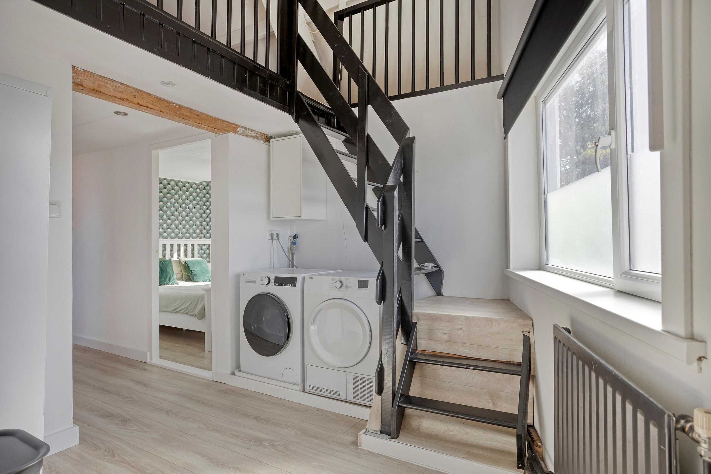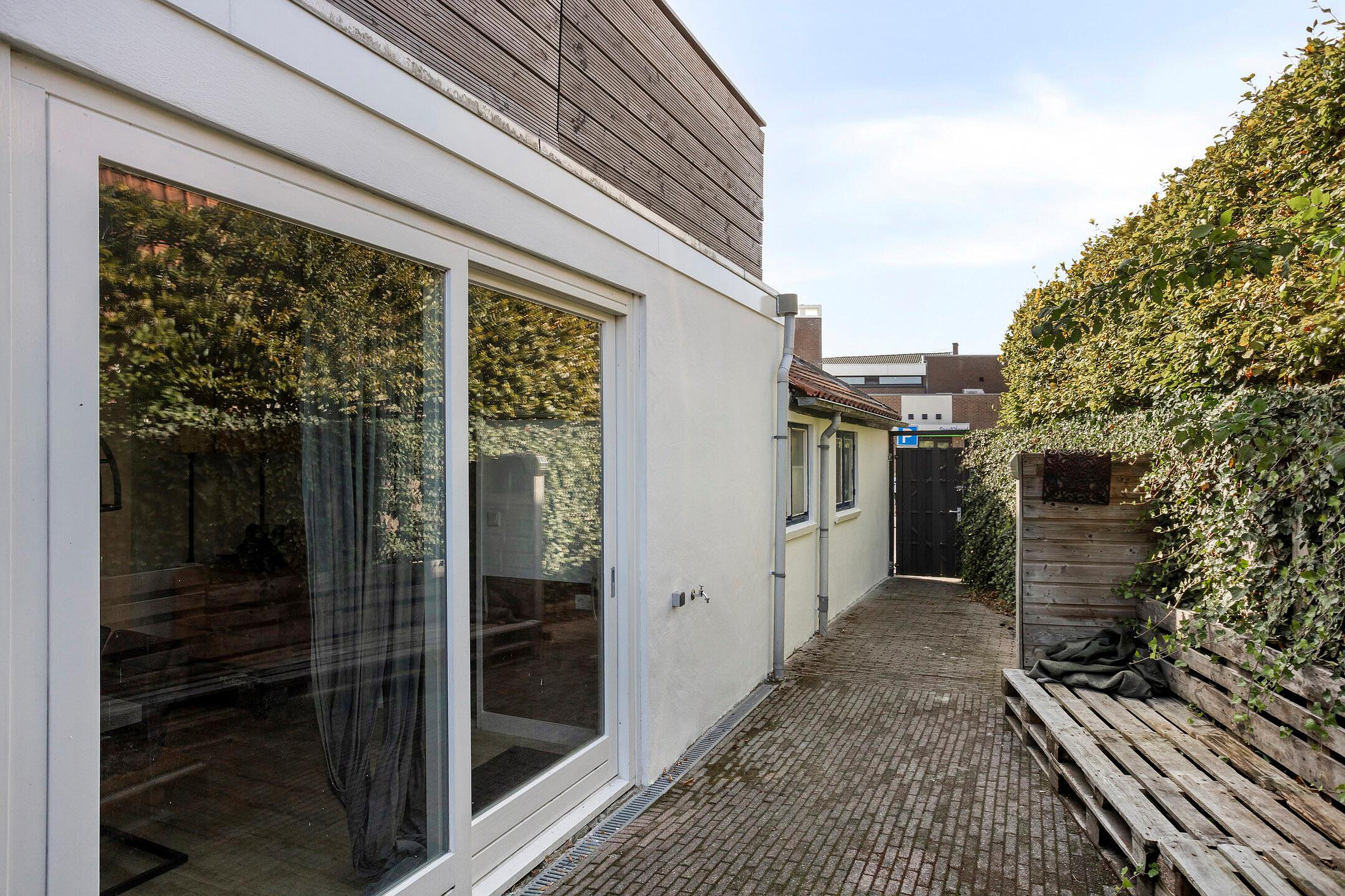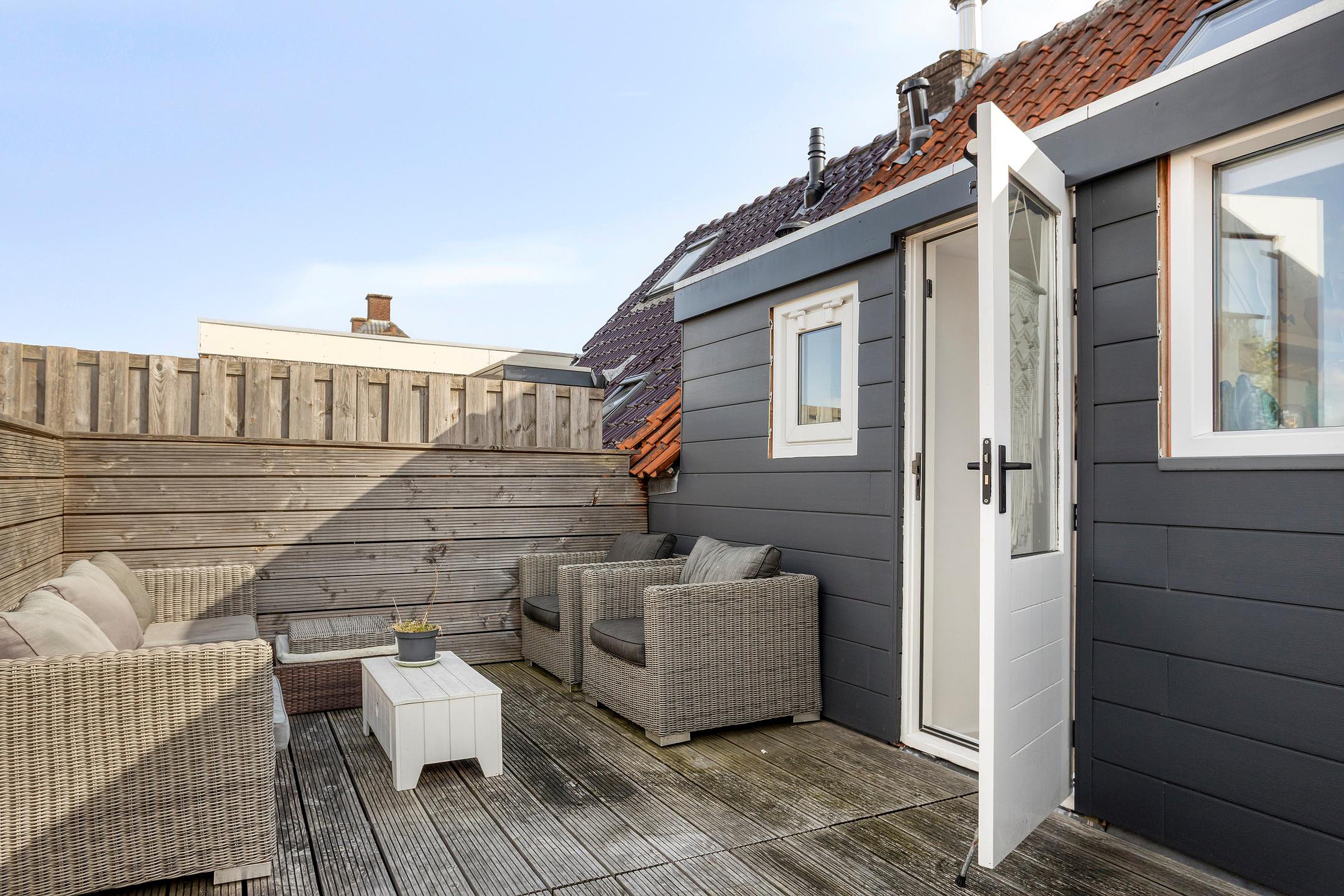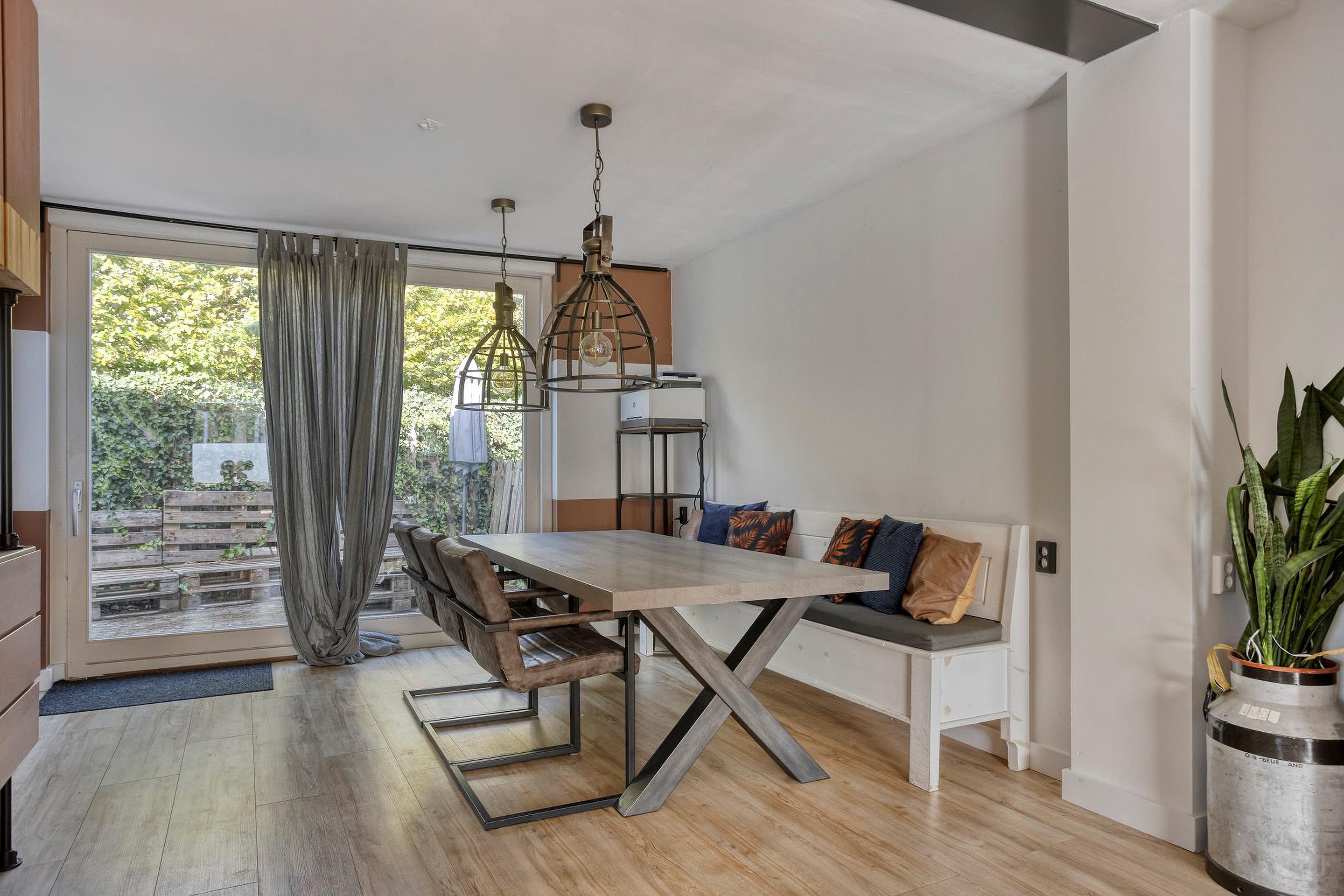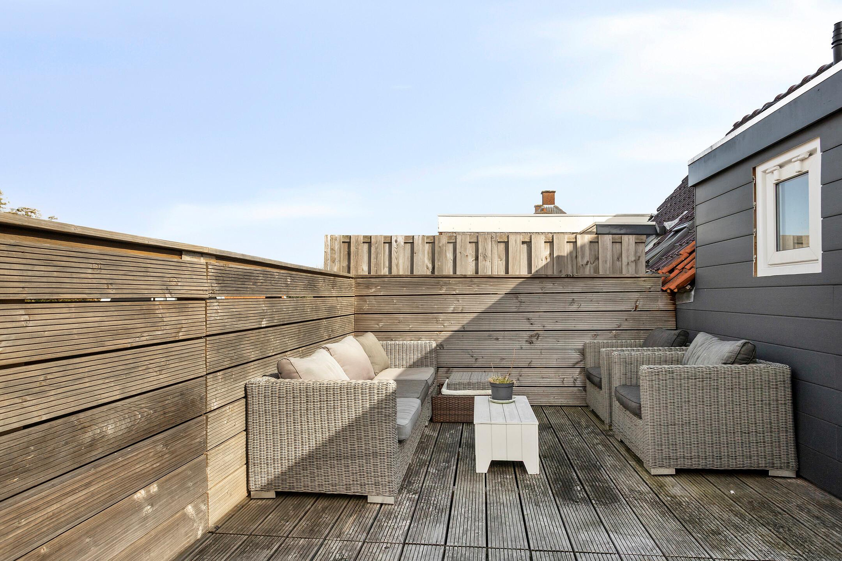 Naast het dakterras beschikt de woning over een compacte achtertuin die via de eetkamer bereikbaar is. Het is een praktische buitenruimte die zich uitstekend leent voor een eettafel of loungehoek. Samen met het dakterras heb je de luxe van twee plekken waar je buiten kunt ontspannen.
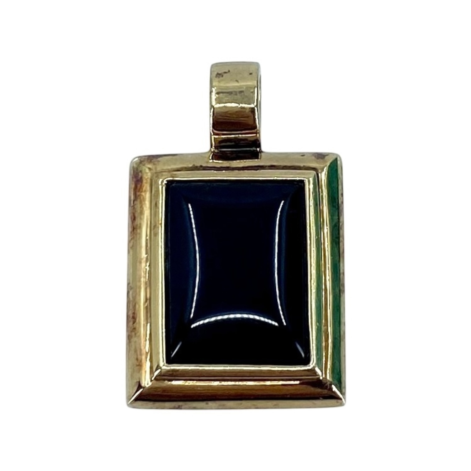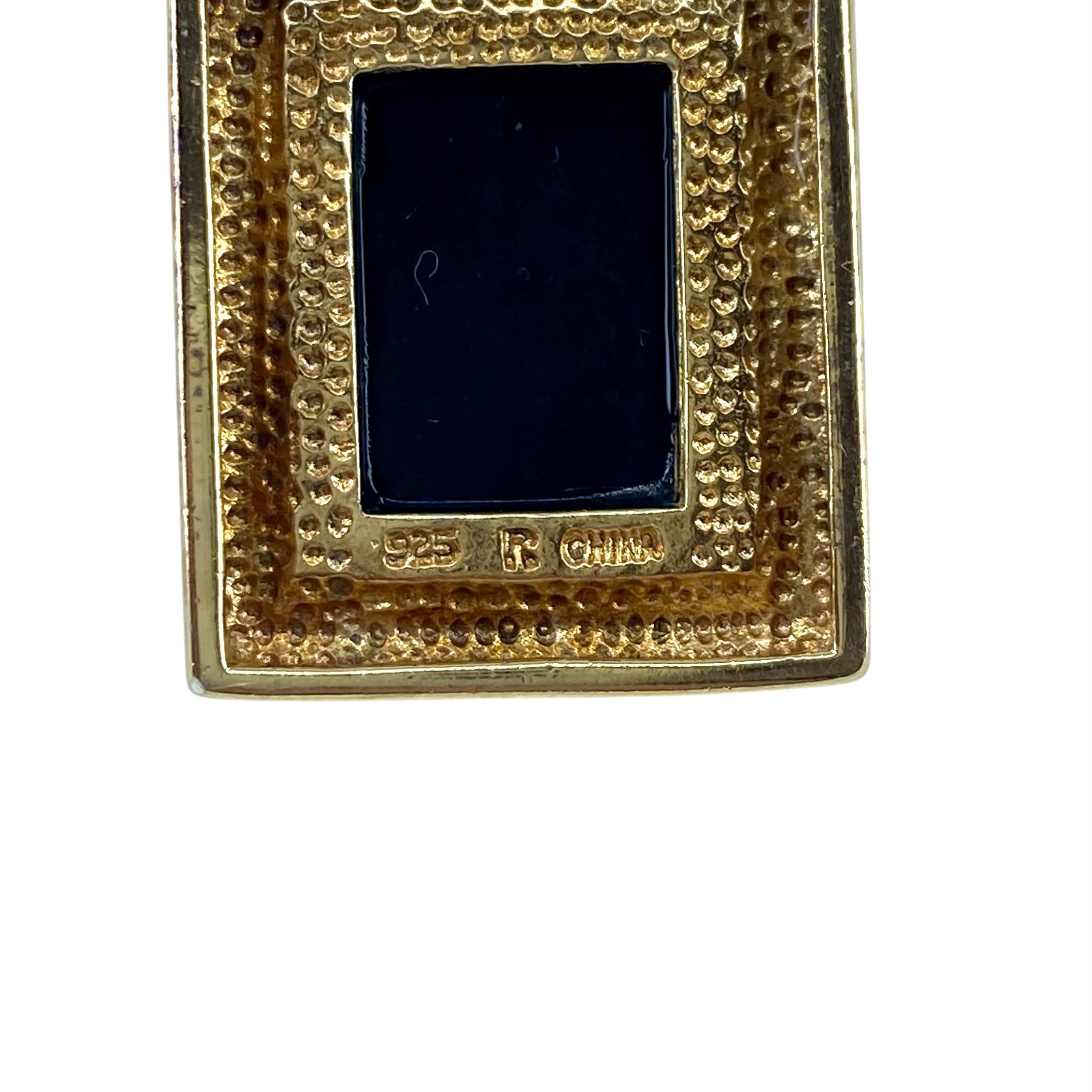 Vintage Gold Over Sterling Silver Rectangular Black Tourmaline Signed Pendant, 7.06, Engraved “925 H China”
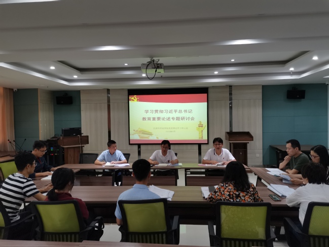 9月24日上午,资源与环境学院党委理论学习中心组召开扩大会议,开展学习贯彻习近平总书记教育重要论述第一次专题学习研讨。会议由学院党委书记童庆满主持,学院领导班子成员、党委委员、教授委员会成员代表、辅导员参加了会议。
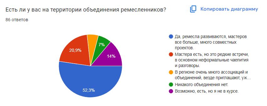 Участники опроса из Екатеринбурга, Сысерти и Верхней Пышмы практически все отметили, что ремесла на их территориях развиваются, мастеров все больше, много совместных проектов (52,3% ответов), а вот мастера с малых территорий выбрали ответ «мастера есть, но это редкие встречи, в основном неформальные чаепития и разговоры» (20,9%), 14% на вопрос об объединениях говорят, «возможно есть, но я не в курсе», 7% уверены, что никакого объединения нет. Это говорит о необходимости обучать малые территории вопросам создания и развития ремесленных сообществ.
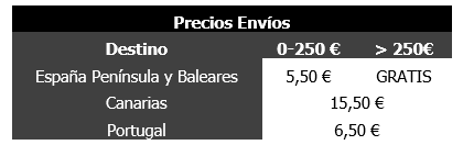 Se realizan envíos en España y Portugal, los gastos de estos se muestras a continuación.
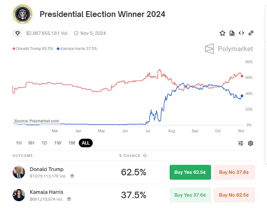 根据预测网站 Polymarket 的数据,特朗普胜选的概率目前为 62.5%,而哈里斯的胜算仅有 37.5%。尽管预测市场认为特朗普的胜率更高,但《福布斯》10 月 31 日的民调显示,哈里斯在全国范围内以 1% 的微弱优势领先特朗普,且 10% 的选民可能在大选前改变立场。
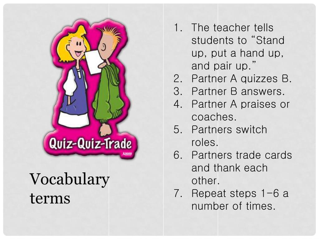 The teacher tells students to “Stand up, put a hand up, and pair up.” • Partner A quizzes B. • Partner B answers. • Partner A praises or coaches. • Partners switch roles. • Partners trade cards and thank each other. • Repeat steps 1-6 a number of times. Vocabulary terms
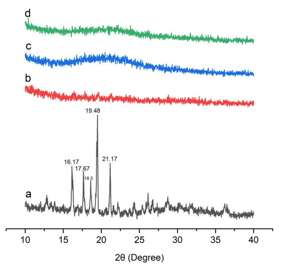 X-ray diffraction was used to examine the physical state of Dex and optimized formulations as presented in Figure 3. The pure Dex showed its diffraction peaks at 16.17°, 17.67°, 18.58°, 19.48°, and 21.17°. There were also a few dull peaks after 21.17°. Similar peaks were reported in the literature, indicating the crystalline nature of Dex [39].
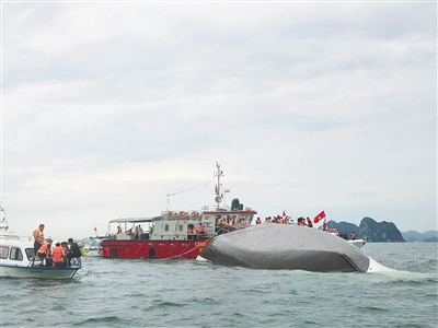 这艘游船19日在航行过程中突遇风暴而倾覆。事故发生后,广宁省有关部门立即展开救援。20日凌晨,游船已被打捞出水并被拖回岸边。目前,有关部门已扩大搜索范围,继续搜寻4名失踪人员。
++++++++
### How to complete this task
Repeat every record above exactly, but leave out any pictures.

### Output of the task
 Naast het dakterras beschikt de woning over een compacte achtertuin die via de eetkamer bereikbaar is. Het is een praktische buitenruimte die zich uitstekend leent voor een eettafel of loungehoek. Samen met het dakterras heb je de luxe van twee plekken waar je buiten kunt ontspannen.
 Vintage Gold Over Sterling Silver Rectangular Black Tourmaline Signed Pendant, 7.06, Engraved “925 H China”
 9月24日上午,资源与环境学院党委理论学习中心组召开扩大会议,开展学习贯彻习近平总书记教育重要论述第一次专题学习研讨。会议由学院党委书记童庆满主持,学院领导班子成员、党委委员、教授委员会成员代表、辅导员参加了会议。
 Участники опроса из Екатеринбурга, Сысерти и Верхней Пышмы практически все отметили, что ремесла на их территориях развиваются, мастеров все больше, много совместных проектов (52,3% ответов), а вот мастера с малых территорий выбрали ответ «мастера есть, но это редкие встречи, в основном неформальные чаепития и разговоры» (20,9%), 14% на вопрос об объединениях говорят, «возможно есть, но я не в курсе», 7% уверены, что никакого объединения нет. Это говорит о необходимости обучать малые территории вопросам создания и развития ремесленных сообществ.
 Se realizan envíos en España y Portugal, los gastos de estos se muestras a continuación.
 根据预测网站 Polymarket 的数据,特朗普胜选的概率目前为 62.5%,而哈里斯的胜算仅有 37.5%。尽管预测市场认为特朗普的胜率更高,但《福布斯》10 月 31 日的民调显示,哈里斯在全国范围内以 1% 的微弱优势领先特朗普,且 10% 的选民可能在大选前改变立场。
 The teacher tells students to “Stand up, put a hand up, and pair up.” • Partner A quizzes B. • Partner B answers. • Partner A praises or coaches. • Partners switch roles. • Partners trade cards and thank each other. • Repeat steps 1-6 a number of times. Vocabulary terms
 X-ray diffraction was used to examine the physical state of Dex and optimized formulations as presented in Figure 3. The pure Dex showed its diffraction peaks at 16.17°, 17.67°, 18.58°, 19.48°, and 21.17°. There were also a few dull peaks after 21.17°. Similar peaks were reported in the literature, indicating the crystalline nature of Dex [39].
 这艘游船19日在航行过程中突遇风暴而倾覆。事故发生后,广宁省有关部门立即展开救援。20日凌晨,游船已被打捞出水并被拖回岸边。目前,有关部门已扩大搜索范围,继续搜寻4名失踪人员。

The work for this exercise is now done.